17th century Flemish and Dutch paintings

Wouwerman, Pieter, SOLD
Oil on canvas : 52,8 X 61,9 cm
Monogrammed bottom middle “PW”
Frame : 71,3 X 83,1 cm
 
 
 

"All paintings are fully documented with texts and photographs of comparative items. All this information is removed from our website once the painting is sold".

SOLD
In short
 
Our painter is the younger brother and pupil of Philips Wouwerman.
This exotic Eastern European battle scene must represent a clash between Polish and maybe Russian troops.
 
About Pieter Wouwerman
 
Dutch painter
Haarlem 1623 – 1682 Amsterdam
 
Painter of genre scenes set in landscapes or against an architectural backdrop, of cavalry scenes and of winter landscapes.
 
Pieter was born into a family of painters: he was the son of Pauwels (Alkmaar circa1585 – 1642 Haarlem) and the brother of Philips (Haarlem 1619 – 1668 Haarlem) and of Jan (Haarlem 1629 – 1666 Haarlem) Wouwerman.

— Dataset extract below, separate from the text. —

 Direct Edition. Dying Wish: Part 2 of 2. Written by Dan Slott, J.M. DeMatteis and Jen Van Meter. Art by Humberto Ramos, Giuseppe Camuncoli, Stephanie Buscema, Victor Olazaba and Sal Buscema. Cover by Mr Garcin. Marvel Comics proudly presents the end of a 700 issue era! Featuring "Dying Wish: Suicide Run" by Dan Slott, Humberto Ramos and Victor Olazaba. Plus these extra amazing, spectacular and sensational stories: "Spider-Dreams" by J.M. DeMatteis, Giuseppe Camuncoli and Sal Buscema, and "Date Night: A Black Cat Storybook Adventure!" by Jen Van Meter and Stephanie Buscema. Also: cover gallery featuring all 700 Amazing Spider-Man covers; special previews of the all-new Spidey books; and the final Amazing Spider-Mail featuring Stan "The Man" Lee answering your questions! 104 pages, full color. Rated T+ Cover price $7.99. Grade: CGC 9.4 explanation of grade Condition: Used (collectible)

- There is little known about Pauwels, who seems to have painted history subjects. His father, a saddle maker from Brussels, was one of those many Flemish Protestants who had fled to the North, in his case to Haarlem. 

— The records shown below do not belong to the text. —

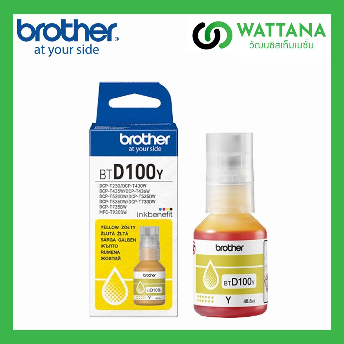 NEW!! หมึกเติม (Refill) Brother BT-D100Y (Yellow) สีเหลือง ของแท้
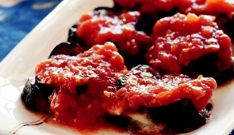 Patlıcanları alacalı soyun ve acısının çıkması için tuzlu suda 5-10 dakika bekletin. Suyunu süzüp, kağıt havlu ile kuruladıktan sonra 1 parmak kalınlığında ve halka şeklinde kesin. İki patlıcan diliminin arasına rendelenmiş peynir koyun ve kürdanla tutturun. Patlıcan ve peynir bitene kadar işleme devam edin. Kızdırılmış sıvı yağda kızartın ve kağıt havlu üzerinde fazla yağını alıp, servis tabağına koyun. Kabuğu soyulmuş ve rendelenmiş domatesi kıyılmış sarımsakla birlikte tavada 1-2 dakika çevirin ve patlıcanın üzerine gezdirin.
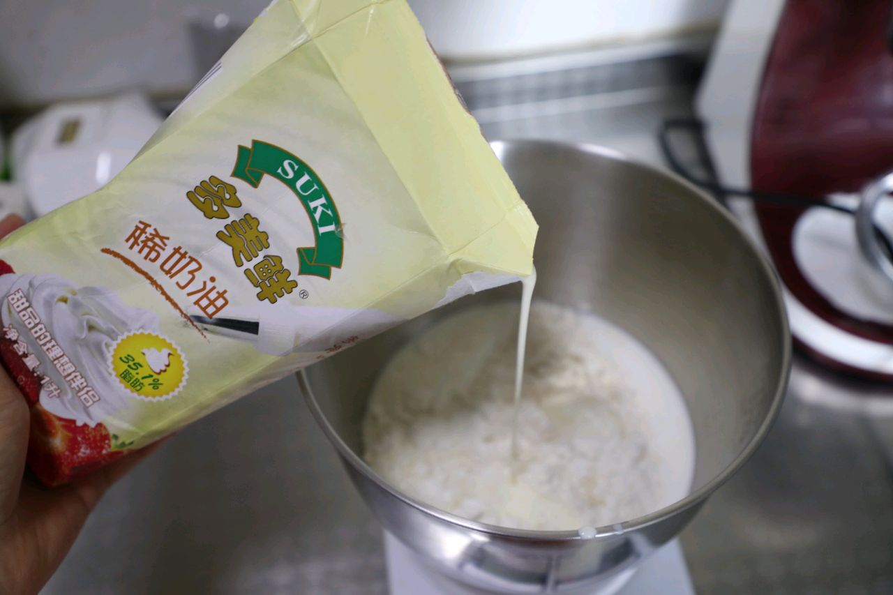 步骤2:将面粉,酵母粉,盐,糖和牛奶按配方,依次放入厨师机的大盆内,再加入100克的淡奶油。
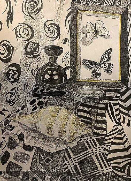Этот натюрморт — медитация на контрасте природы и рукотворного, органики и геометрии. Монохромная штриховка с золотистыми акцентами подчёркивает хрупкую игру света, тени, движения и неподвижности: бабочки символизируют трансформацию и мимолётность, раковина — память и течение времени, а динамичные у
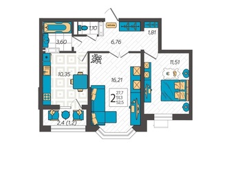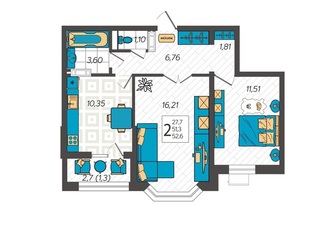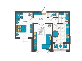 2-к. квартира 52.3 кв.м, 1/9
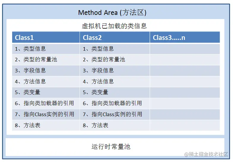 方法区与Java堆一样,是各个线程共享的内存区域,它用于存储已被虚拟机加载的类信息、常量、静态变量、即时编译器编译后的代码等数据。即方法区里存放着类的版本、字段、方法、接口和常量池(存储字面量和符号引用)。

- Philips is the best known and the most versatile of the three sons of Pauwels. 
- Of Jan there are not many paintings known; he must have specialised as a landscape painter.
 
Our painter, Pieter, monogrammed his paintings with “PW”. His elder brother Philips with an intertwined “PHILS” followed by a “W”.
 
Pieter studied painting under his father, Pauwels, and his elder brother, Philips and possibly under the landscape painter Roelant Roghman (Amsterdam 1627 – 1691 Amsterdam).

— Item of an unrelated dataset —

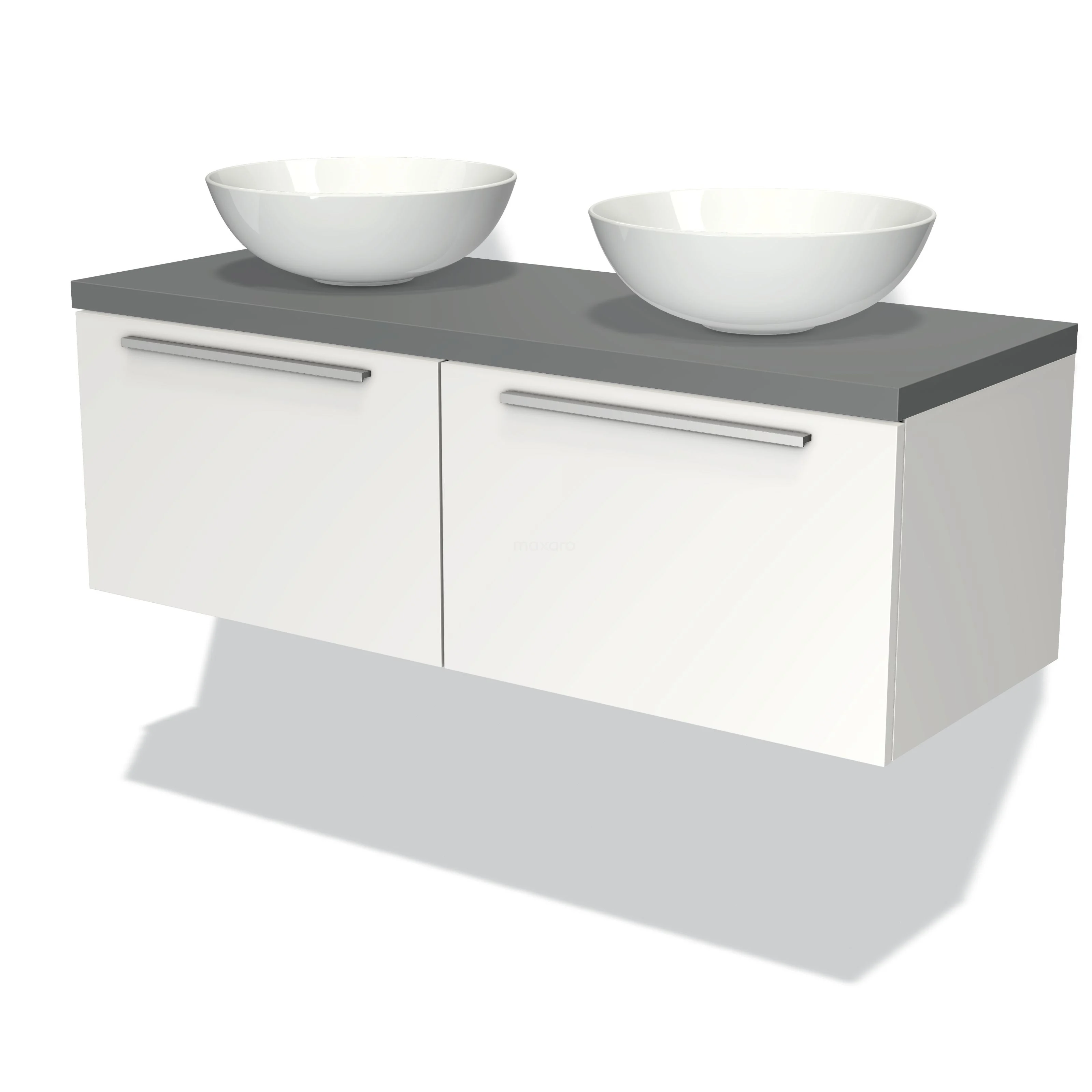 Modulo Plato Badmöbel mit Aufsatzwaschbecken | 120 cm Matt Weiß Flach front Mittelgrau blatt 2 nebeneinanderliegende Schubladen

In 1646 Pieter became a member of the Painter’s Guild of Saint Luke in Harlem.
 
Pieter was active in Haarlem until circa 1657. The second part of his career until his death in 1682 he spent in Amsterdam.
 
About our painting
 
Pieter Wouwerman was a versatile painter of human outside activity linked with horses: his favourite subjects were hunters, cavalrymen and travellers.
 
He did not paint many battle scenes, in fact just a few.
As to the subject of our painting: it looks like a foreign subject.
I did document another rather exotic battle scene by Pieter Wouwerman that was sold at Hampel in 2006. That painting represents a clash between Polish (red flags and red sashes worn around the middle) and Turkish troops (who in those days tried to take Ukraine). Seeing the similarities of those Polish soldiers with ours one might think that the soldiers and cavalrymen wearing orange-red are Polish. Our painting was indeed called a Polish battle scene in the past. During the second half of the 17th century the Polish-Lithuanian Commonwealth was going through rough times: internal anarchy, wars with Sweden, Turkey, Russia, the Cossacks and Tattars.
 
Why should you buy this painting?
 
Because it is one of the rare battle scenes known by Pieter Wouwerman, who was a very good horse painter.